BERLIN (Reuters) - Volkswagen's CEO Herbert Diess told a supervisory board meeting in September that the company could lose 30,000 jobs if it transitioned too slowly to electric vehicles (EVs), two sources with knowledge of the matter told Reuters on Wednesday.

Competition from new entrants to Germany's market, like Tesla, has pushed the company to speed up its transformation, Diess is said to have told attendees.

The U.S. EV maker plans to produce 500,000 cars a year in Germany with 12,000 employees, while Volkswagen's 25,000 produce just 700,000 cars at its Wolfsburg plant.

A company spokesperson confirmed Diess' position that Tesla and others' presence in Germany heightened the urgency of transitioning to EVs, but denied that specific calculations had been made on how many jobs could be lost in the process.

"There is no question that we have to address the competitiveness of our plant in Wolfsburg in view of new market entrants," Volkswagen spokesperson Michael Manske said, pointing to Tesla and new Chinese automakers making inroads into Europe.

"Tesla is setting new standards for productivity and scale in Grunheide," he said, referring to a Tesla factory under construction near Berlin which at peak capacity will produce 5,000 to 10,000 cars a week - more than twice the German battery-electric vehicle (EV) production in 2020.

"A debate is now underway and there are already many good ideas. There are no concrete scenarios," Manske said.

The statement by Diess was first reported by Handelsblatt.

A spokesperson for Volkswagen's workers' council said that while they would not comment on whether Diess made the remarks, "a reduction of 30,000 jobs is absurd and baseless".

Another union spokesperson from the region of Lower-Saxony, which is Volkswagen's second-largest shareholder, said such cuts were "out of the question".

EVs have far fewer parts than an internal combustion engine car and so require fewer workers to produce. According to one estimate, 100,000 jobs in the German autos industry could be lost by 2025 as a result of electrification.

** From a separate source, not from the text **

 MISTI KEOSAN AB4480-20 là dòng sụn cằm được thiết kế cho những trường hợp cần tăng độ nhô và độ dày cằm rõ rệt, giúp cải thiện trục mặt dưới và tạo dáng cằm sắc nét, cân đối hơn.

Volkswagen's Wolfsburg plant, the world's largest with over 50,000 employees, does not currently make EVs, but the company plans to produce an electric sedan there from 2026 under a plan named "Project Trinity".

Diess has previously said Tesla would fuel competition in Germany.

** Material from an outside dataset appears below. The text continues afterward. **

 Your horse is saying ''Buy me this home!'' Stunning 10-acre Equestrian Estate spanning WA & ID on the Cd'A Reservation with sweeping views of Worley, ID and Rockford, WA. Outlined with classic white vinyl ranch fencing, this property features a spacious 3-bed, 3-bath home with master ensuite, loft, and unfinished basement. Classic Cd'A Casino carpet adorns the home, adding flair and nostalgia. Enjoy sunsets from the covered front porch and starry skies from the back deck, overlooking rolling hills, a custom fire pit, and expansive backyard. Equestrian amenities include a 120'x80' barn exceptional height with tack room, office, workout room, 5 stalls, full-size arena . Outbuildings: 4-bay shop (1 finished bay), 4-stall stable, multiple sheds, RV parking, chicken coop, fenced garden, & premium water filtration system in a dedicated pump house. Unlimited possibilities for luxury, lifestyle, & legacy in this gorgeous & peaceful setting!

The German autos giant is also considering listing its car charging and energy business in addition to existing IPO plans for its battery division, Chief Technology Officer Thomas Schmall told Manager Magazin in an interview published on Wednesday.

Schmall said nothing had been decided yet and it would probably take up to two years before the new companies were established and ready for the stock market.